Les questions d’intégration au contexte, de plus-value d’usage, d’utilisation de l’espace, etc. sont indiscutablement contenues dans le périmètre d’expertise de l’architecture et répondent au « pilier social » du développement durable. Ainsi, apparait l’idée que l’architecture a toujours contribué à un développement « durable », et cela bien avant que l’on parle d’économies d’énergie. Groupe-6, par exemple, estime que l’architecture durable doit être pensée pour l’usager avant tout. Elle doit être « contextuelle, située, prendre en considération les spécificités d’un lieu ». Elle doit permettre à l’usager « de reconsidérer son environnement immédiat, son monde, en se plaçant en position d’acteur ».

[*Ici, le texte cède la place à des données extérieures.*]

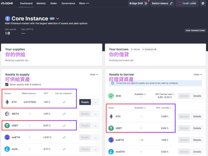 特別注意: AAVE 允許用戶提供抵押品進行借貸,每種抵押品都有不同的最高借貸價值(LTV),例如ETH 的LTV 為80.5%,表示如果存入價值100 美元的ETH,最多可借出80.5 美元的資產。
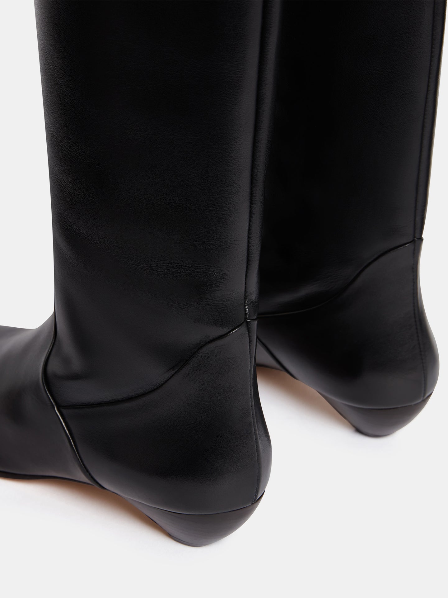 The Allegra Riding Boot is Le Monde Béryl's take on an equestrian classic. Handcrafted in smooth black leather, it's built with a cushioned calf leather insole for comfort and finished with discreet leather pull tabs for ease of wear. A sturdy 35mm heel lends subtle height while keeping the silhouette practical for everyday use. Elegant yet grounded, it's a boot designed to move easily from day to night, city to countryside.
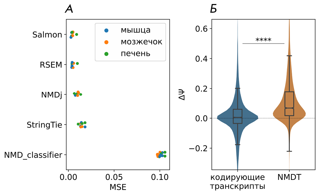 The method developed in this paper can be used to study gene expression regulation via unproductive splicing [6]. In particular, it can be applied to problems such as searching for specifically expressed NMDTs and assessing the activity of the NMD system as a whole. Thus, NMDj closes the existing gap in the toolkit for studying the conjugation between AS and NMD.
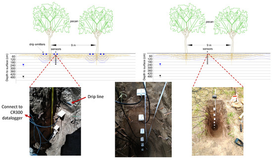 Similarly, 655 TDR sensors were installed at Stahmann farms. For the P1 orchard, seven sensors were installed below the drip lines to measure changes in VSWC, as shown in Figure 5. On the other orchard P2, the sensors were installed similarly as they were installed on P1. These sensors measured VSWC and continuously acquired data from June 2020 to December 2023 for Stahmann sites, while at Leyendecker, the sensors were installed in January 2020.

Atelier 9.81 propose des notions théoriques et pratiques pour favoriser le « mieux vivre ensemble ». Ainsi, ils développent l’idée d’unité de voisinage, où des espaces paysagers partagés favorisent le croisement des fonctions et la dissipation des limites des jardins privés, ou encore des cohabitations de 15 à 20 logements où les rencontres sont favorisées entre la place de parcage et le jardin, tout en respectant l’intimité. NLA réfléchit aux « espaces intermédiaires » (balcons, terrasses, atriums) où les conditions de confort ne seraient pas forcément maîtrisées mais où des « situations inédites » et « des usages nouveaux » pourraient naître.
La mixité des fonctions peut aussi générer des synergies qui soient à la fois énergétiques et sociales. Atelier 9.81, encore une fois, évoque les synergies sociales qui peuvent naître entre une crèche et une résidence pour personnes âgées. Babel + Prado propose d’exploiter la synergie énergétique entre les lieux utilisés le jour (bureaux, commerces) et utilisés la nuit (logements, hôtels).

La question de la ville

Comme l’écrit Alain Sarfati, la ville est l’objet privilégié de l’architecture. Les zones dites périurbaines émergent autour des grandes villes en Suisse et en France depuis les années 1980. Malheureusement, ce mouvement ne va pas sans un accroissement envahissant d’une mobilité individuelle très polluante.

La densification de la ville représente une bonne réponse pour nombre d’architectes et urbanistes qui ont contribué au livre. « Il faut imaginer des villes plus denses pour éviter l’étalement des réseaux de transport », écrivent Lipsky + Rollet. Se pose alors la question de rendre la densité acceptable. Anne Démians propose de déplacer les zones denses à l’intérieur des villes pour créer des espaces de respiration. Les espaces libérés par les démolitions pourraient accueillir des espaces verts, tandis que d’autres bâtiments seraient surélevés. Arte Charpentier s’intéresse à la question esthétique, en proposant de mettre en scène les « impératifs environnementaux ». Ils donnent les exemples du cheminement de l’eau dans un terrain en pente douce et d’une esplanade composée d’un sol nervuré de rigoles. Ils proposent l’utilisation du végétal pour souligner l’ordonnancement de la ville mais aussi pour briser la continuité minérale et ménager des respirations dans le tissu urbain. Gaëtan Le Penhuel observe que l’impression de densité provient souvent de l’insuffisance de lieux publics, de squares et de jardins.

A la notion de densité, Atelier 2/3/4 préfère la notion d’intensité, qui consiste à intensifier les échanges humains culturels et commerciaux. Pour eux, l’intensité ne dépend pas de la densité, mais « de la manière dont on manie le rapprochement et l’ouverture ». L’intensité est donc « hétérogène ».

Enseignements pour un physicien du bâtiment

Les opinions exprimées dans ce livre semblent être de nature à questionner le rôle des physiciens du bâtiment et autres consultants-ingénieurs dans les projets d’architecture. Les ingénieurs ne seraient-ils qu’un mal nécessaire pour permettre aux architectes de composer avec les normes et labels ? Ou bien peuvent-ils apporter une réelle plus-value en développant des approches de conception non-normatives, voire « sans chiffres », qui font la part belle aux matériaux localement disponibles, aux savoir-faire régionaux, aux heuristiques de conception, à une utilisation raisonnée des approches calculatoires ? Poser la question c’est-y répondre.

Référence

Qu’est-ce que le développement durable pour les architectes ? Ouvrage collectif, 225 pages, Archibooks + Sautereau Editeur, 2015.